Right this very moment, the Simpsons marathon is underway: every episode of the show’s 25 season run, including the 2007 movie, in order, for 12 days straight. It started at 10 a.m. this morning and, in the magical Fillory of our dreams, some entrepreneuring Simpsons addict has called off work today, lashed the curtains firmly together, packed up a big bowl of popcorn and a bowl of some other stuff too and is settling in to form a really nice ass groove.
“Do I even get FXX on this thing?” — America, in about 15 minutes
— Dashiell Bennett (@dashbot) August 21, 2014
But most of us on Team Brokelyn don’t have a TV, so we get our viewing done in the public space, as it was once meant to be. Our diligent staff has been combing the wilds for the past week: surely some bar, somewhere, will pick up the clarion call and throw a “JUST HOOK IT TO MY VEINS! SIMPSONS MARATHON BLOWOUT PARTY”, and yet, no word. No one responded to our Twitter call, and the internet (available on computers now?) did not reply to our Facebook call either. We tried searching online, but the googles, they do nothing.
This is the biggest oversight since Dr. Nick mixed up “flammable” and “inflammable.” If we are opening our bars for World Cup games, for movies, for the gawdawful Grammys, why not for the Simpsons, the perfect event to lure us in to linger for hours at a time while enjoying a refreshing bathtub mint julep?
Luckily, there is still time to right this wrong. The first two seasons, while enjoyable, are when the show was still finding its footing, meaning you can jump into the marathon tomorrow and still catch the golden era.
Here then are our list of demands for a Simpsons party:
1. Open at a reasonable hour. No one expects you to be open all night long!
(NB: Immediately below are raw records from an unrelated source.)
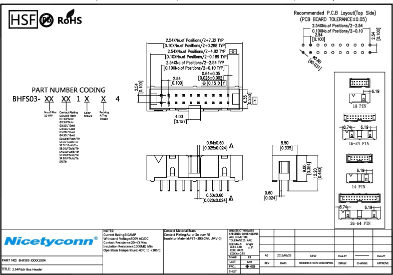 2.54 mm Pitch 180 Degree Box Header Connector with Window |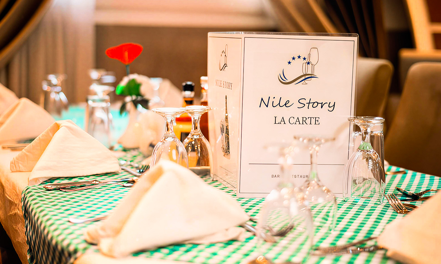 The Nile Story offers a perfect blend of traditional Egyptian charm and contemporary comfort. Guests can enjoy panoramic Nile views from the sun deck, relax by the swimming pool, or indulge in fine Egyptian and international cuisine at the onboard restaurant. Evenings come alive with folkloric entertainment, Nubian music, and tranquil stargazing on deck as the cruise sails through history.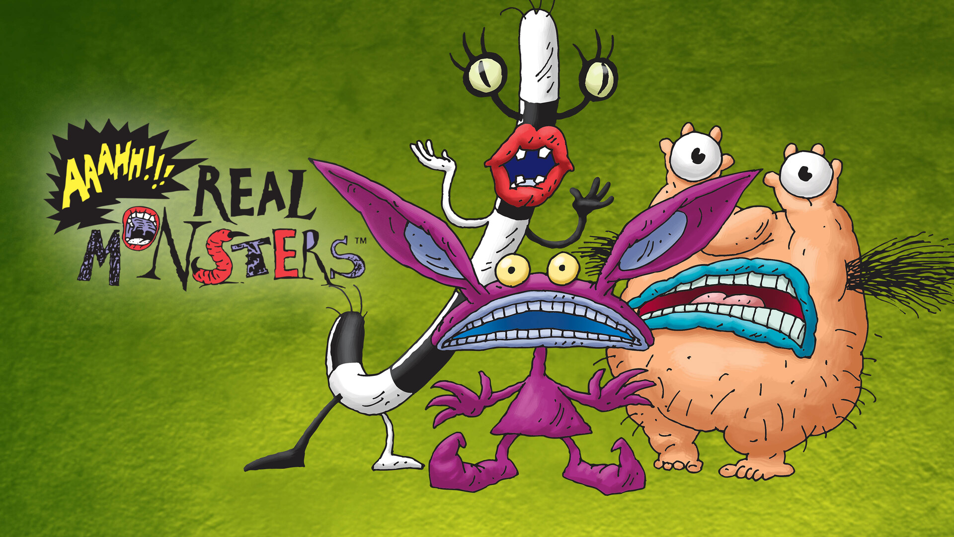 А для этого вернёмся в начало 90-х. На фоне удачного запуска Rugrats, захотел Nickelodeon ещё один мульт многосерийный и поручил он создание такового. Двое сыновей Класкичупов продолжали работать генераторами идей, и на этот раз главными героями сериала должны были выступить монстры, о которых дети говорили, которых дети любили. Имели ли они ввиду подкроватных монстров или жила семья в неблагополучном районе с соответствующим контингентом – не ясно. Ясно то, что идея была одобрена, сценарий написан, всё нужное анимировано и в 1994 году на Nictoons вышел мультсериал «Аааа!!! Настоящие монстры» (Aaahh!!! Real Monsters).
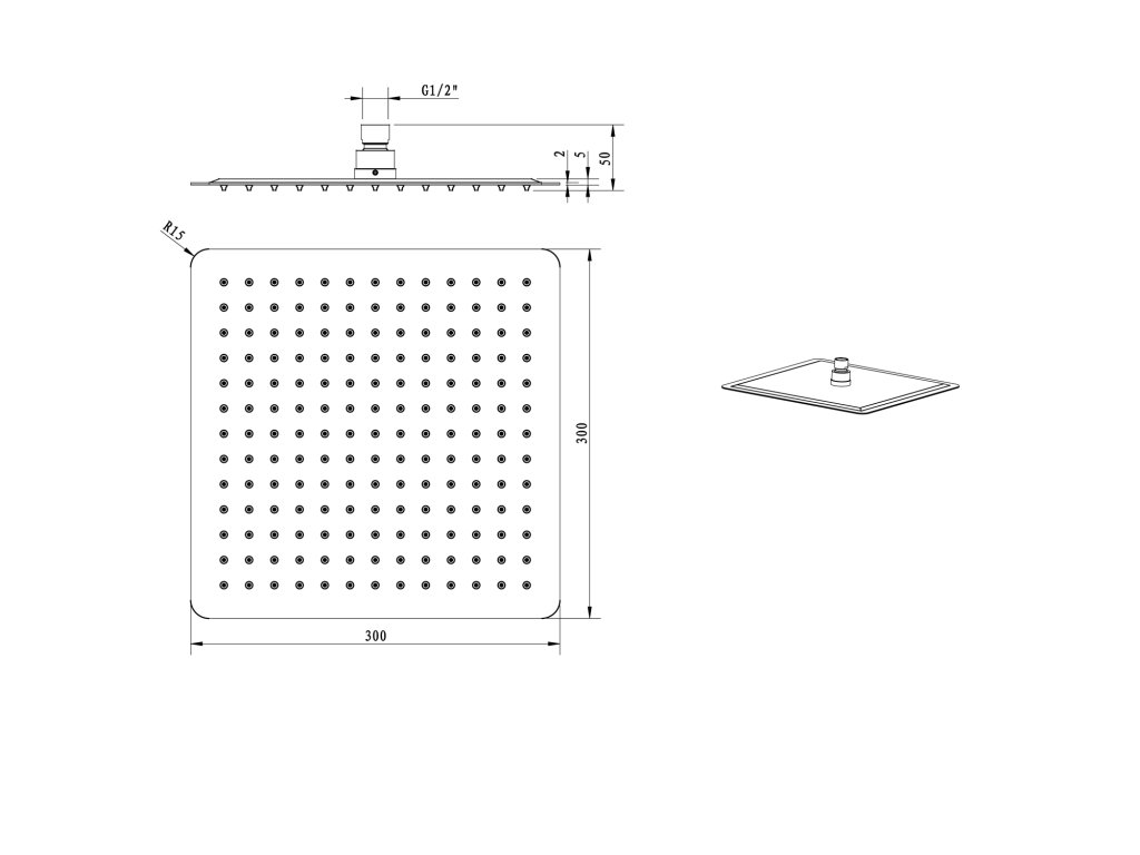 Sapho SLIM hlavová sprcha, 300x300mm, černá mat SL101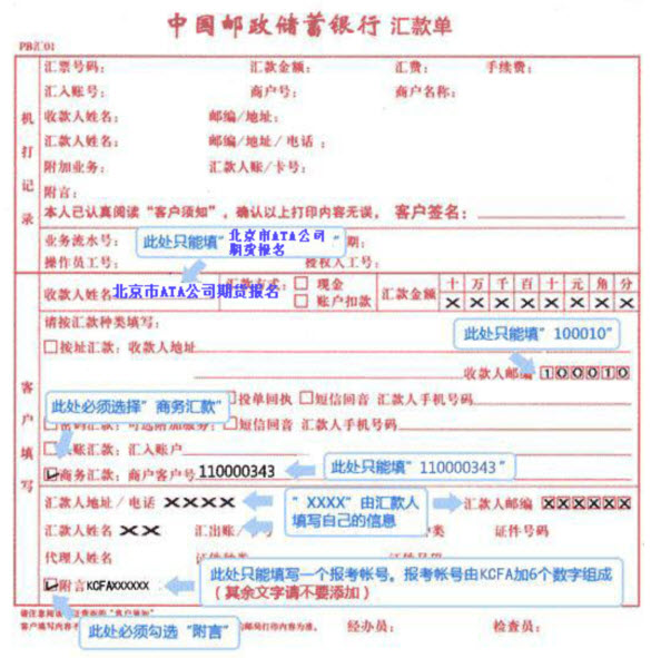 (郵編:100010,收款人:北京市ATA公司期貨報名,匯款方式:商務匯款,商戶客戶號:110000343)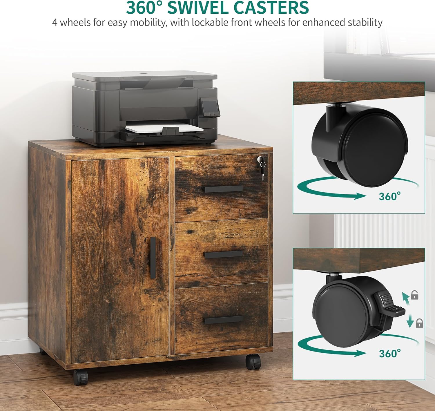 - SPEZIFIKATIONEN– Gesamtabmessungen: 60 cm L × 40 cm B × 57 cm H. Dieser Aktenschrank verfügt über 3 Schubladen und eine Tür. Dieses Design erleichtert die Aufbewahrung unterschiedlich grosser Gegenstände. Der geräumige Schreibtisch bietet Platz
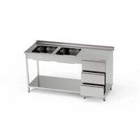Nerezový stôl s 2-miskovým drezom a 3-zásuvkovým blokom a policou 190x60x85 cm | FORGAST

Such a thing would be unpossible, and also v. illegal. Open at noon, that works for us. Stay open until 4 am. You won’t catch all the episodes, but you’ll be the best damn pet shop in town.
2. Have a TV/projector screen on, with sound, in the darkest corner of your bar, so we can watch it all without disturbing the weirdos who want to “have conversation.”
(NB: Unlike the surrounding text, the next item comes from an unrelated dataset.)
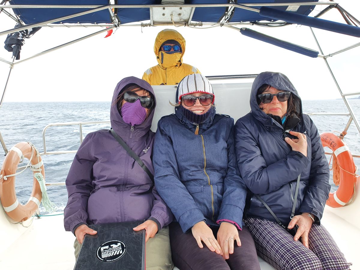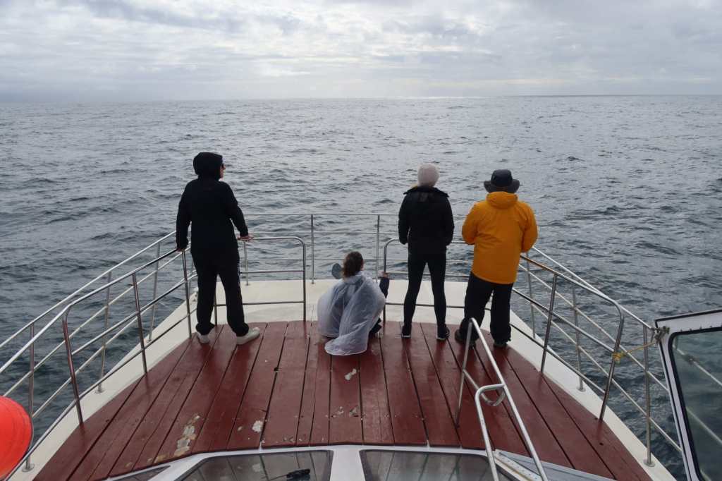 After the training was completed, the weather became more challenging for Tuesday afternoon’s test run on the water. Despite the conditions, within four hours we’d covered 57 kilometres, recorded common and bottlenose dolphins and three sperm whales (including a calf displaying suckling behaviour). The team did well on the data recording, especially Tracy, who is in danger of earning herself a permanent slot as POPA master.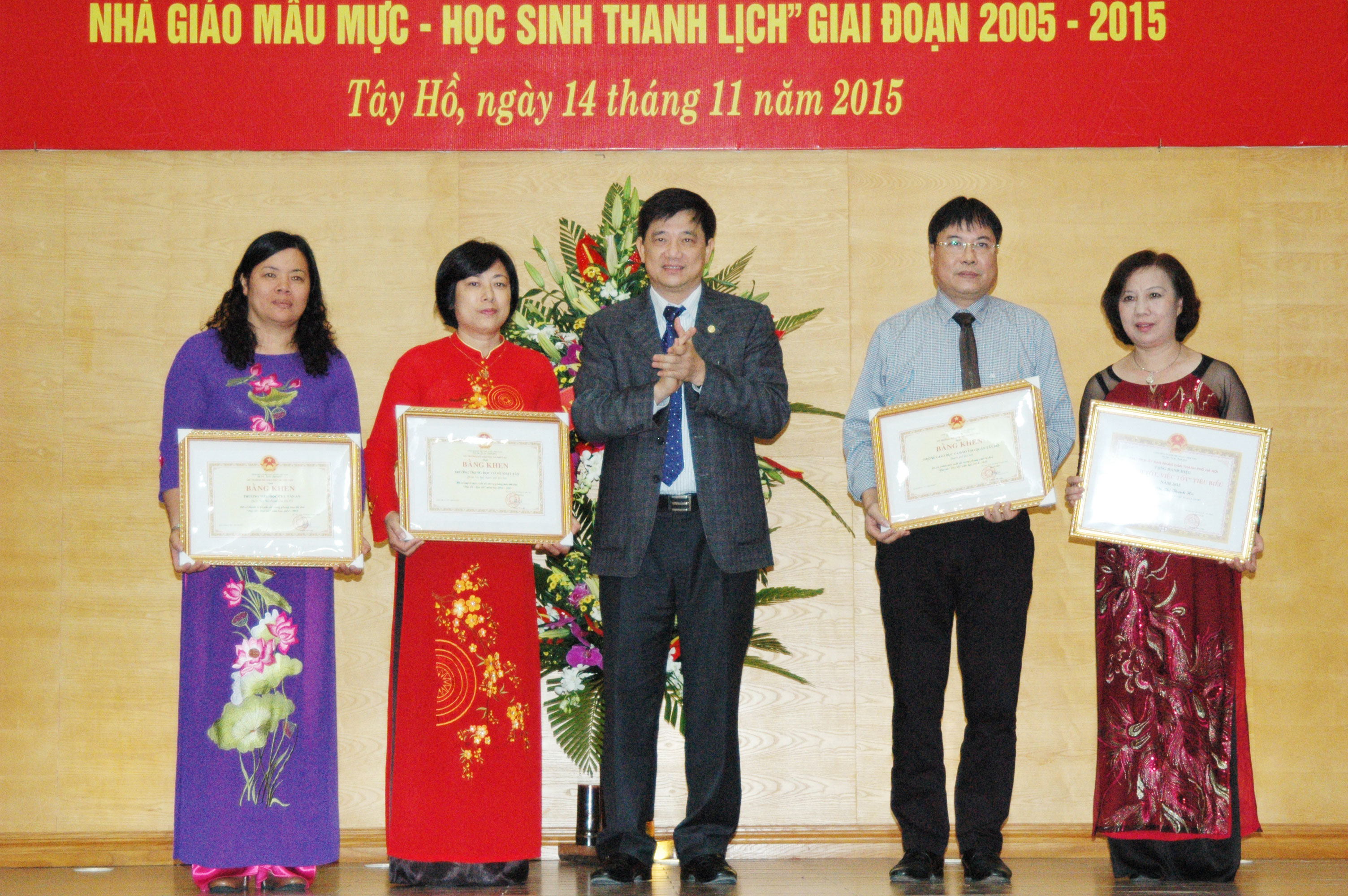 Tại buổi lễ, nhiều tập thể và cá nhân được tôn vinh trong phong trào thi đua Dạy tốt - Học tốt của Ngành GD&ĐT quận Tây Hồ năm học 2014-2015, trong đó có 3 tập thể được nhận Bằng khen của Bộ trưởng Bộ GD&ĐT gồm: Phòng GD&ĐT quận Tây Hồ, THCS Nhật Tân, Tiểu học Chu Văn An. Hiệu trưởng trường MN Chu Văn An Vũ Thị Thanh Hà là một trong những tấm gương người tốt, việc tốt tiêu biểu được nhận Bằng khen của Chủ tịch UBND Thành phố.

3. Serve thematic drink specials, to include but not limited to: Flaming Moes, Skittlebrau and Red Tick Beer (may need more dog). But not Duff, trust us.
4. A costume contest or some shit? I dunno, just don’t block the TV.
5. Cut yourself a break: you only have to show seasons 1-10, max. The episodes after that are not good and showing them may risk negative Yelp reviews.
Sure, you can do a Simpsons marathon any time you want if you have access to the show on DVD. But that’s not this, a marathon, the longest one in TV history. Something on this magnitude is an Event, a shared human experience, like watching the Super Bowl or following election night results. We watch because we know that out there, millions of other people are having the same experience as us, four-fingered hands across America for the greatest show that ever was. Boo-urns to you for not finding a way to show it.